The simplest WSF_RIGID_BODY_SIX_DOF_MOVER definition is something like this:
mover WSF_RIGID_BODY_SIX_DOF_MOVER vehicle_type F-15C end_mover
This indicates that the F-15C vehicle_type will be used. F-15C must be a rigid_body_vehicle_type – point_mass_vehicle_type objects will not be accepted.
- landing_gear_down <boolean-value>¶
Indicates whether the landing gear should be down or not when the scenario begins.
For the corresponding script methods, see WsfRigidBodySixDOF_Mover.LowerLandingGear or WsfRigidBodySixDOF_Mover.RetractLandingGear
- nws_enabled <boolean-value>¶
Indicates whether nose-wheel steering should be enabled or not. Nose-wheel steering is commonly used when taxiing but should be removed prior to the takeoff roll.

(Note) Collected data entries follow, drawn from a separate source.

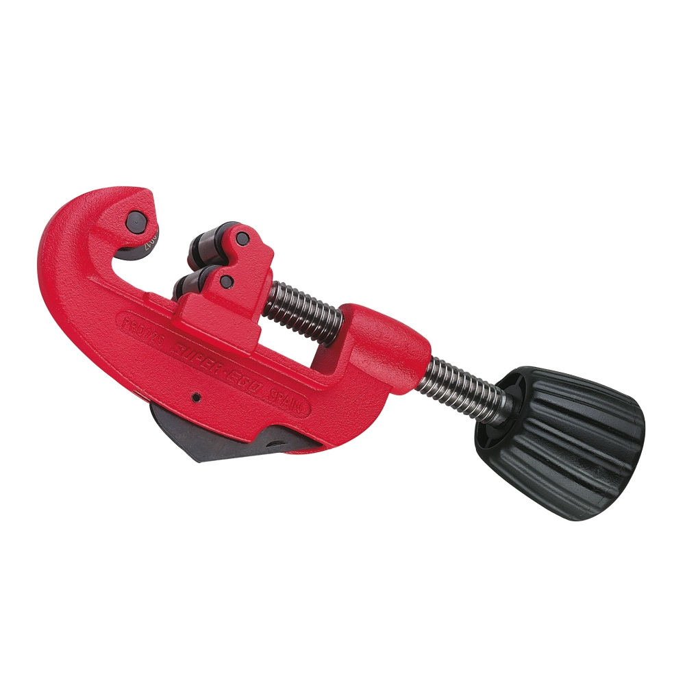 Super Ego röravskärare 725 Pro Standard för rördiameter 1/8" - 1.1/8" / 3 - 30 mm. Zamak legerad kropp med monoglidblock och infällbar renskniv. Rullarna har infrästa spår som möjliggör kapning även nära kanten. Extra stor räfflad matarskruv för snabb justering innehållande 1 x extra trissa. SB-packad.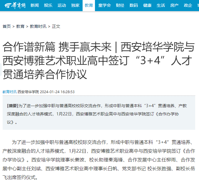 为了进一步加强中职与普通高校校际交流合作,形成中职与普通本科“3+4”贯通培养、产教深度融合的人才培养模式,1月22日,西安博雅艺术职业高中与星空·官方站网页版签订《合作办学协议》。星空·官方站网页版理事长姜波、校长助理秦海锋、合作发展中心主任柳雨、合作发展中心副主任刘斌、西安博雅艺术职业高中理事长白帆、党支部书记 校长张胜强、副校长岳飞出席签约仪式。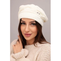 Dámská zimní vlněná čepice se zdobnými krystaly K399 ecru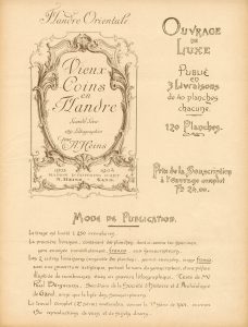 Vieux coins en Flandre. 2e série. 120 planches lithographiques originales par Armand Heins. Préface de Paul Bergmans. Gand, N. Heins, 1904, in-folio, [14]-III-[1] p. (titre, préface, table), 120 planches, certaines imprimées sur papier gris ou vert amande, l'ensemble sous couv. de livraisons, et portefeuille éditeur demi-toile grise (portefeuille défraîchi, lacets manquants, rabats usés, intérieur frais). Tirage limité à 250 exemplaires. 4 f. de prospectus joints.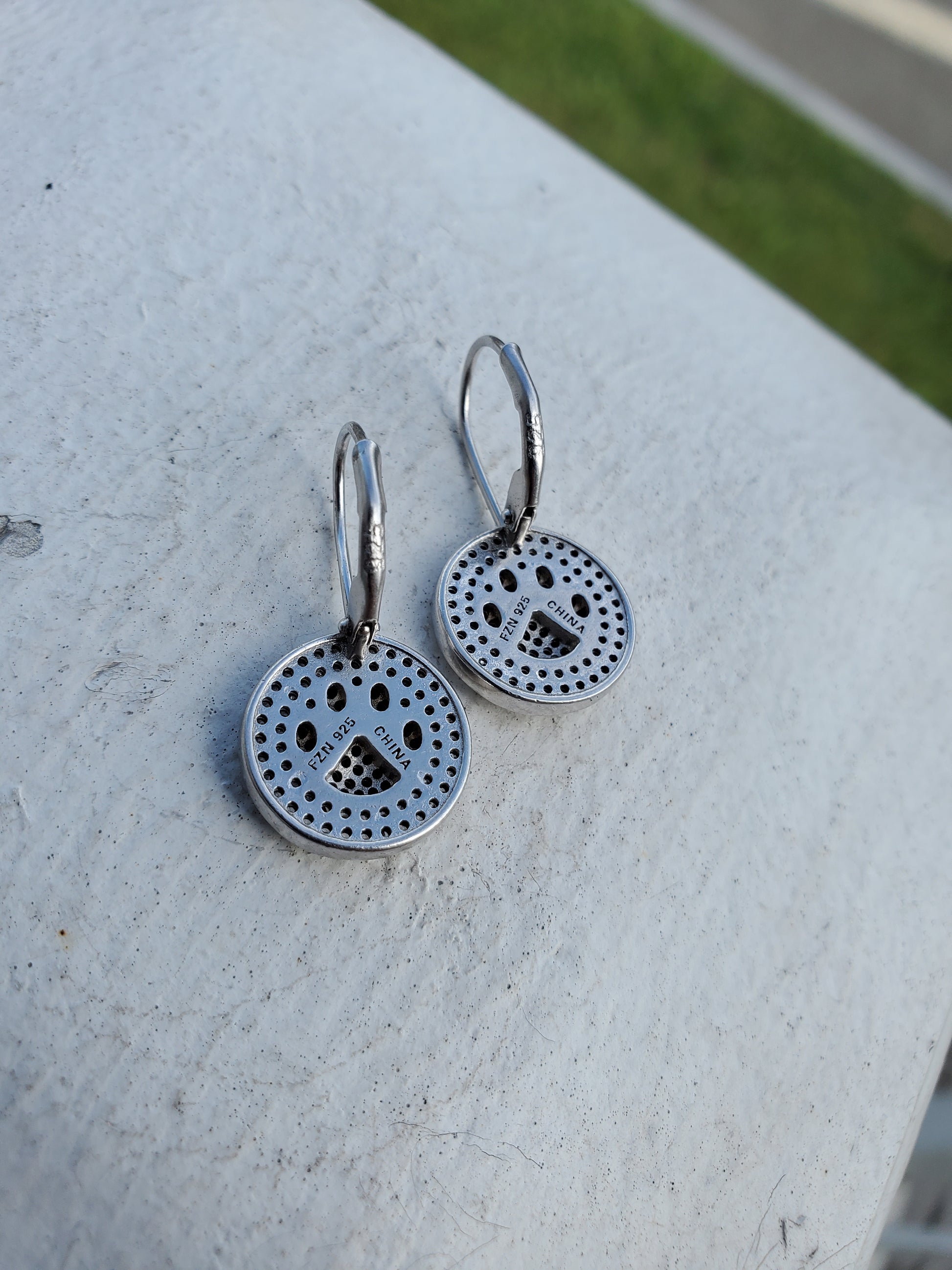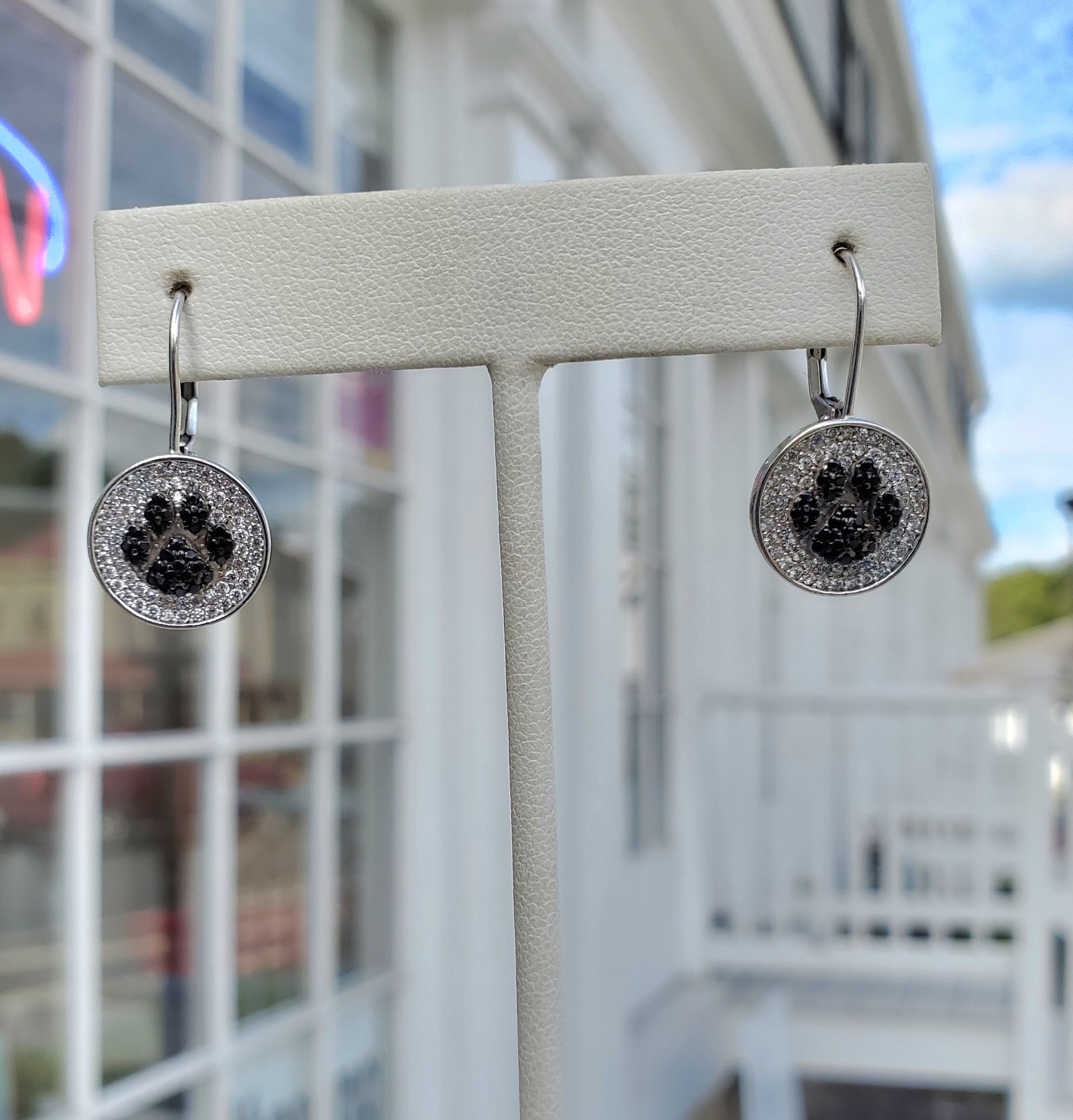925 Sterling Silver Pet Pawprint Black & Clear Zirconia Leaverback Earrings

For the corresponding script method, see WsfRigidBodySixDOF_Mover.SetEnableNWS
- parking_brake_on <boolean-value>¶
This command sets whether the parking brake should be on or off when the scenario begins.
For the corresponding script methods, see WsfRigidBodySixDOF_Mover.SetParkingBrake or WsfRigidBodySixDOF_Mover.ReleaseWheelBrakes
- taxi_mode_enabled <boolean-value>¶
This command set whether the autopilot should be in taxi mode when the scenario begins. This should be used only be used when the platform is on ground.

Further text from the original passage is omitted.